Problem requirements:
The listing below holds a line with "Design features Monogram" and a later line with "Нижняя поверхность входной". Write out those two lines and every line between them, exactly, and nothing else.

Entries supplied:
▼▼▼

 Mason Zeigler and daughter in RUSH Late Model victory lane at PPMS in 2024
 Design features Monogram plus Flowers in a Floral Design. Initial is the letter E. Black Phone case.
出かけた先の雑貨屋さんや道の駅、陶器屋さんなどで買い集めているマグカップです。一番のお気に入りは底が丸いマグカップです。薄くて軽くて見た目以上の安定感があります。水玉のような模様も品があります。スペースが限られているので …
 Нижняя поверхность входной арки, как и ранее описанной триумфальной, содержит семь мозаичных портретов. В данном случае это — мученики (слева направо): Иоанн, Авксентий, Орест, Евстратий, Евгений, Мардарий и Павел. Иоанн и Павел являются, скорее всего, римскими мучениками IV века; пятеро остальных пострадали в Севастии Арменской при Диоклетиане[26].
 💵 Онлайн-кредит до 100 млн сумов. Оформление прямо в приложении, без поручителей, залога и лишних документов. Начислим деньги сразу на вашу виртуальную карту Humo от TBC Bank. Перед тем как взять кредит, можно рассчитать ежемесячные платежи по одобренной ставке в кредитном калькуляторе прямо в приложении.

▲▲▲
▼▼▼

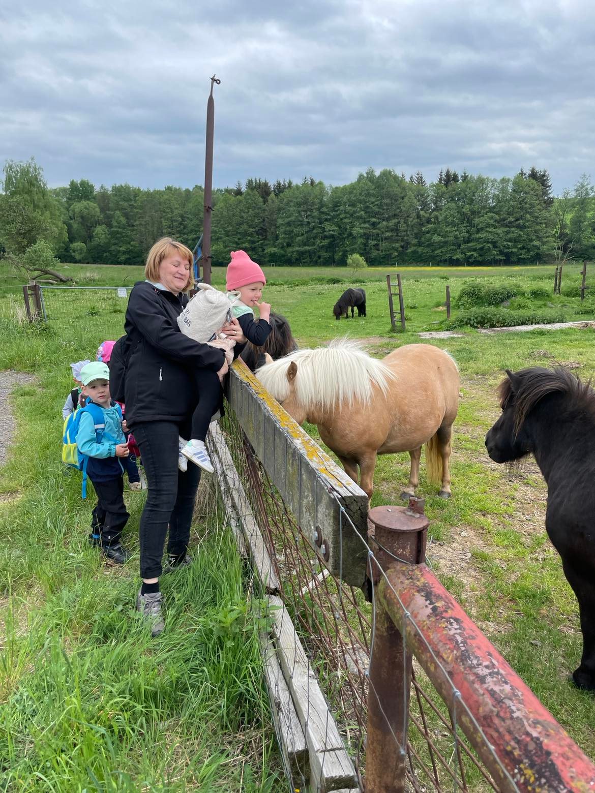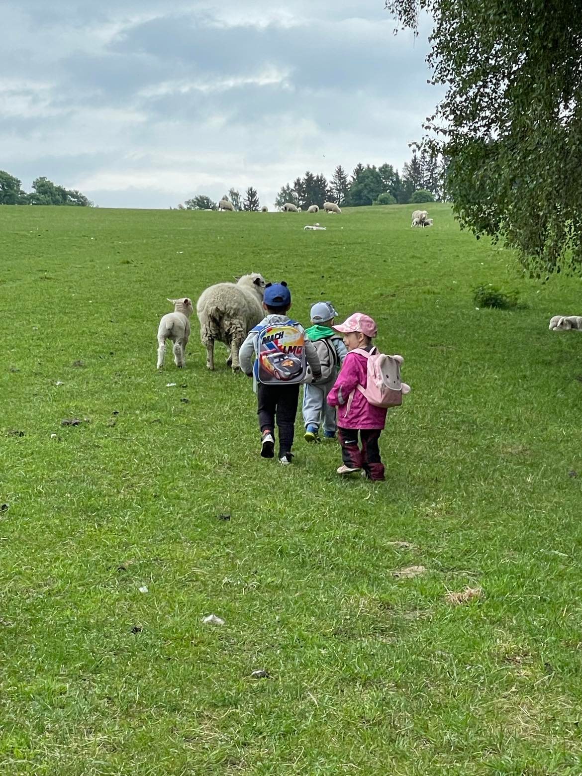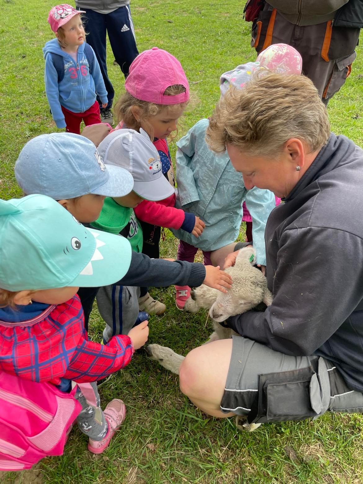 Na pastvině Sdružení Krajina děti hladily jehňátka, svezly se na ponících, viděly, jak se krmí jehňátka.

▲▲▲
▼▼▼

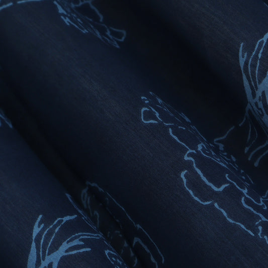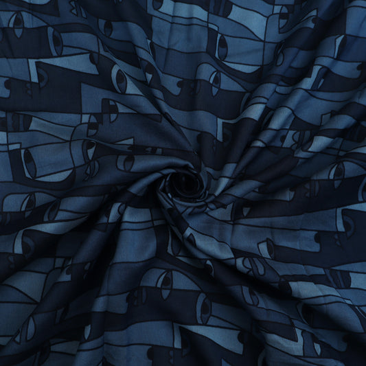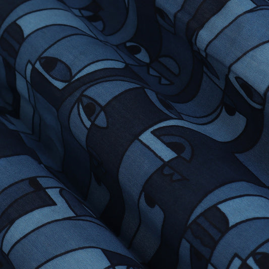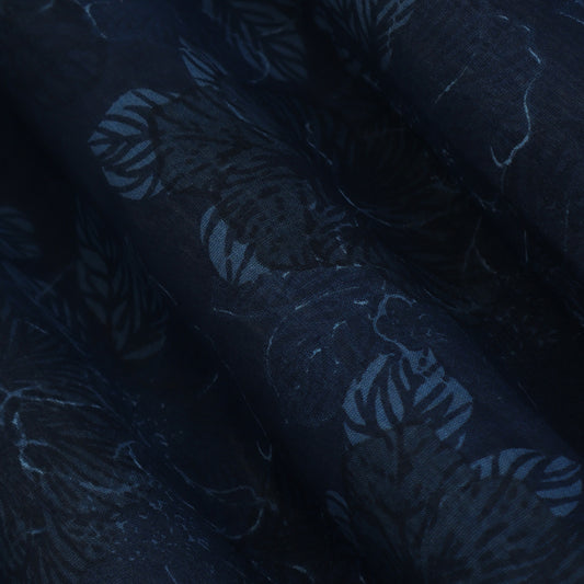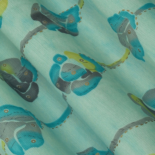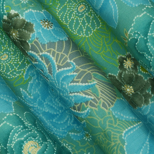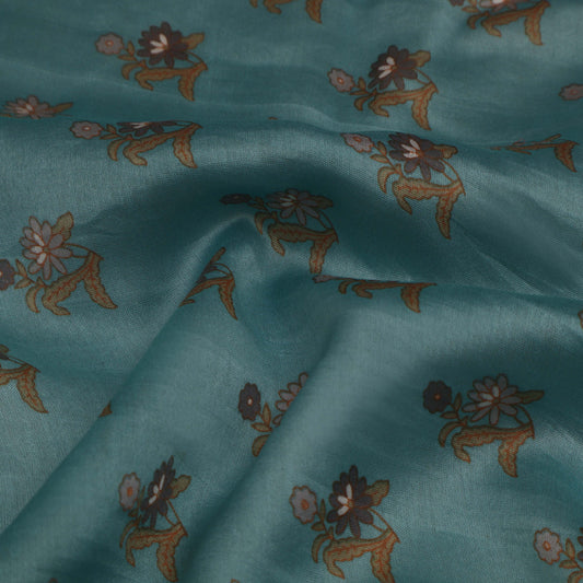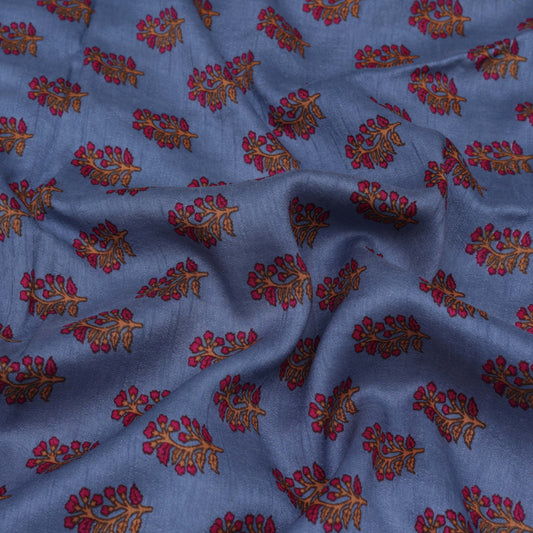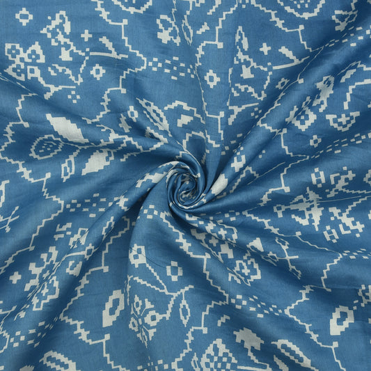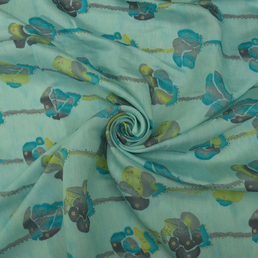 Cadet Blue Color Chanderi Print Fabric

▲▲▲

Response to the task:
 Design features Monogram plus Flowers in a Floral Design. Initial is the letter E. Black Phone case.
出かけた先の雑貨屋さんや道の駅、陶器屋さんなどで買い集めているマグカップです。一番のお気に入りは底が丸いマグカップです。薄くて軽くて見た目以上の安定感があります。水玉のような模様も品があります。スペースが限られているので …
 Нижняя поверхность входной арки, как и ранее описанной триумфальной, содержит семь мозаичных портретов. В данном случае это — мученики (слева направо): Иоанн, Авксентий, Орест, Евстратий, Евгений, Мардарий и Павел. Иоанн и Павел являются, скорее всего, римскими мучениками IV века; пятеро остальных пострадали в Севастии Арменской при Диоклетиане[26].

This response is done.